My theory is that the model’s training data associates “architect” with blueprints, plans, and top-down diagrams, while “photographer” is associated with eye-level shots, composition, and real-world perspectives. I’m not 100% sure this explanation is correct but the results were consistent enough that I kept it.

Phase 5: Language mattered more than I expected

Calling structural elements “immutable anchors” worked better than saying “don’t move the walls”. The model seemed to respond much better to domain-specific terminology — words that are strongly tied to concrete concepts in its training data. What I learned: Use the vocabulary of the domain you want the output to match. If you want architectural accuracy, use architectural terms. If you want photographic quality, use photography terms.

Phase 6: Multi-pass beats single-pass, always

Trying to do everything in one prompt never worked reliably.

So I split the process:

Pass 1: Generate a render - a plain white architectural model with correct geometry, shadows, and perspective. No textures. No furniture. No colors. Low temperature (0.2) for consistency.

Pass 2: Take that render and add materials, furniture, and lighting. Use reference images for style. Higher temperature (0.4) for creative freedom.

This was far more stable than any single-pass prompt.

What actually helped 

What actually helped wasn’t clever prompts. It was documenting what worked, what didn’t, and asking why.

This article comes from a real project I built, but the lessons apply even if you’re just typing questions into a chat window. No code. No settings. Just curiosity and patience.

Document everything as you go. Not in a polished way.
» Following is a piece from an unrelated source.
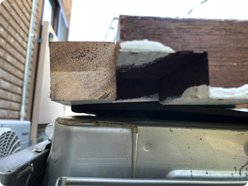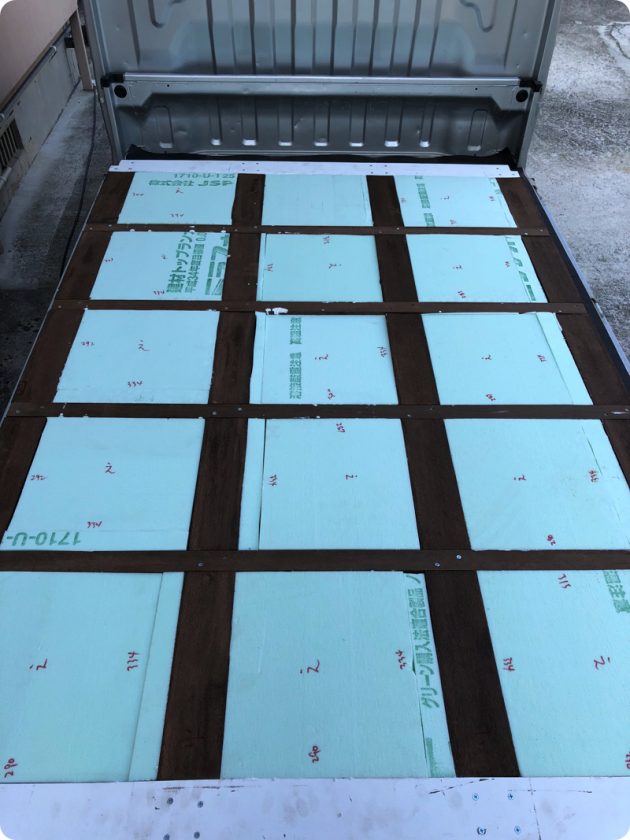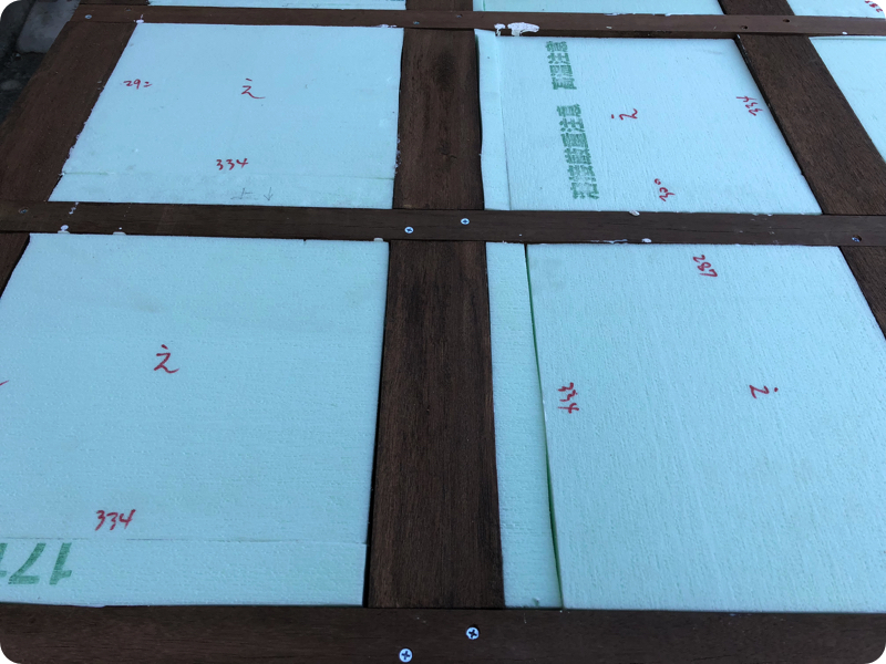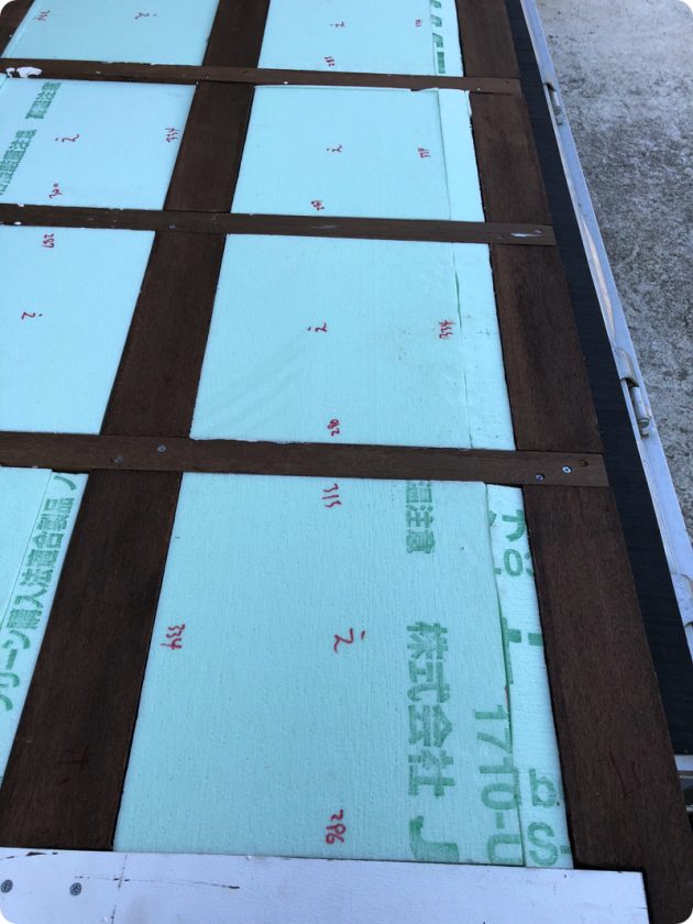 とにかく全ての面に断熱材を入れますが、この床の部分は材料が足りず、すべてつぎはぎで。

Just messy notes: “Tried X, got Y, expected Z.” That’s it.

After a few weeks, go back and read your notes. Patterns will jump out. You’ll see your recurring mistakes. Experiment, document and analyze.

Why this works better than memorizing tips

Prompt engineering is deeply context-dependent. What works for interior rendering doesn’t directly work for code generation or essay writing. The patterns I found are specific to my use case, my model, and my inputs. Your patterns will be different.

I might be wrong about some explanations in this article. I’m explaining why I think certain things worked, based on my understanding of how these models work. The internal mechanics may be different.

I’m not an ML researcher.I’m a developer who needed to get something working. And this is what actually helped.

I’m currently experimenting with Gemini voice models for my next project. I’m approaching it the same way. If I learn something useful, I’ll probably update this article.